According to CIBC’s Warren Lovely and Emanuella Enenajor, pipeline constraints, along with the troubles in Europe and weakness in emerging economies, are pressuring the resource provinces.

With the exception of Ontario and Newfoundland and Labrador, the economists cut their projections for economic growth in all of the provinces for this year, though some of the weakness in the resource regions are due to temporary factors.

“Expect some of that weakness to be recouped in 2013,” Mr. Lovely and Ms. Enenajor said.

“But Canada’s resource sector - still a very big part of the country’s long-term growth plan - faces a more difficult road ahead. With global real GDP growth decelerating to 3 per cent this year, a sideways profile for some key commodity prices could dampen fortunes in Canada’s West.”

“That has triggered a substantial falloff in provincial royalties and, as some recent announcements highlight, jeopardizes investment and job prospects in the oil patch,” said Mr. Lovely and Ms. Enenajor.

“While a number of long-term solutions have been proposed, there’s simply no quick fix.

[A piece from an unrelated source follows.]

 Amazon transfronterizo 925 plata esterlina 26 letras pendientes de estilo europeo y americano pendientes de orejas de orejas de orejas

Of relevance to B.C. and others, prices for natural gas have languished in response to surging U.S. shale gas production, while cheaper levels for some minerals serve as a threat to Canadian mining sector activity more generally.”

Moody’s, Fitch warn on debt
Two major rating agencies are sounding alarm bells over the level of consumer debt in Canada, and the outlook for the housing market.

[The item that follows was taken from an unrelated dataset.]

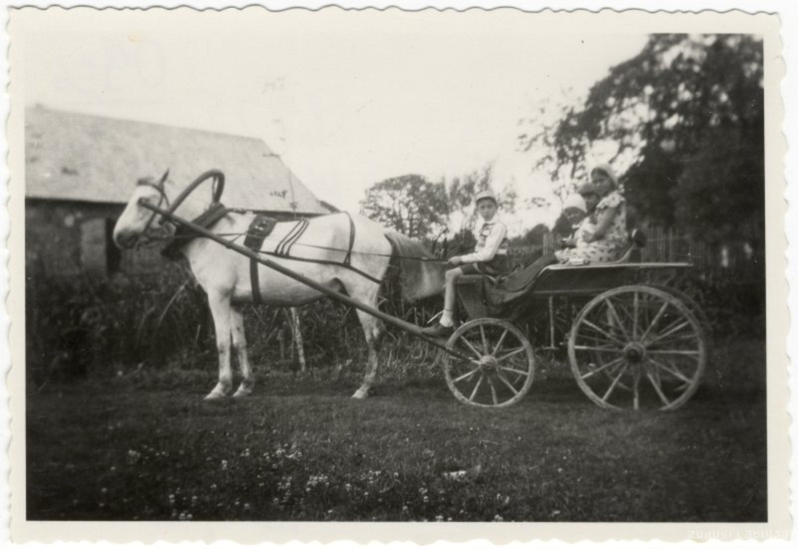 Krapes pagasts. Bērni zirga pajūgā lauku sētā Viskaļos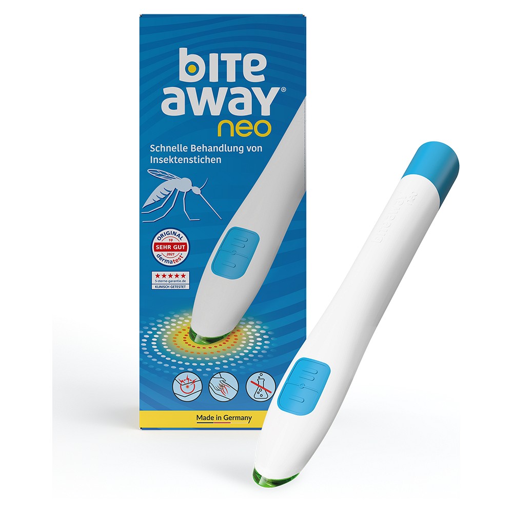 Der Original-Stichheiler bite away® besitzt eine effektive Wärmetherapie-Technologie, die bei Insektenstichen in einer handlichen Stiftgröße innerhalb einer Minute nachhaltige Linderung vom Juckreiz bieten kann. bite away® neo ist die weiterentwickelte Form des bite away® Original-Stichheilers, der zusätzliche Features besitzt, wie Wasserdichtigkeit (IP65) für Anwendung in Wassernähe, LED-Ring für Benutzung in der Nacht, modernere Signaltöne bzw. Stummschaltung, und die Möglichkeit zur Anwendung mit wiederaufladbaren Akkus. Der weiterentwickelte Original-Sichheiler kann mit einem Satz Batterie bis zu 700 Anwendungen liefern.Effektivität:

As The Globe and Mail’s Grant Robertson reports, Moody’s Investors Service downgraded the ratings of several of Canada’s banks yesterday, citing the potential for trouble. Among those downgraded were Toronto-Dominion Bank, which lost its triple-A ranking, Bank of Nova Scotia, Bank of Montreal, Canadian Imperial Bank of Commerce, National Bank of Canada and Caisse Centrale Desjardins.

Both Moody’s and Fitch Ratings, which reaffirmed the levels of the major banks, stressed that the country’s banks are sound, but they’re concerned over some issues, and how they could affect the financial services industry.
“The main domestic threat to the stability of the Canadian banks is the record level of consumer indebtedness and the risk of overvaluation in the housing market,” said Fitch.

“Between 2001 and 2012, Canadian home prices appreciated by approximately 116 per cent and the household debt-to-disposable income ratio increased to 166.7 from 108.3,” it added in its statement.

“These increases are set against a backdrop of unemployment remaining above 7 per cent and GDP growth hovering in the 2 per cent to 3 per cent range.”

Moody’s issued a similar statement, though with a different timeframe, citing a rise of 20 per cent in house prices since November 2007.

The steam has, of course, come out of the Canadian housing market, with sales cooling rapidly, particularly since Finance Minister Jim Flaherty moved in the summer to tame credit growth with new mortgage restrictions.

And according to the Bank of Canada, credit growth has in fact slowed, though was still, at its last measure, outpacing the growth in incomes.

Ford disappoints on Europe
Ford Motor Co. posted stronger-than-expected fourth-quarter results today, but disappointed markets on a weak outlook for Europe.

Ford earned $1.6-billion (U.S.), or 40 cents a share, compared to $13.6-billion or $3.40 a year earlier, but the 2012 results were inflated by a tax issue.

The problem for the auto maker is that it projects a $2-billion loss in Europe this year, following a loss there of almost $1.8-billion in 2012.

“Ford is being adversely impacted by higher pension costs due to lower discount rates, and a stronger euro,” the auto maker said.

“The business environment remains uncertain, and Ford will continue to monitor the situation in Europe and take further action as necessary,” it added.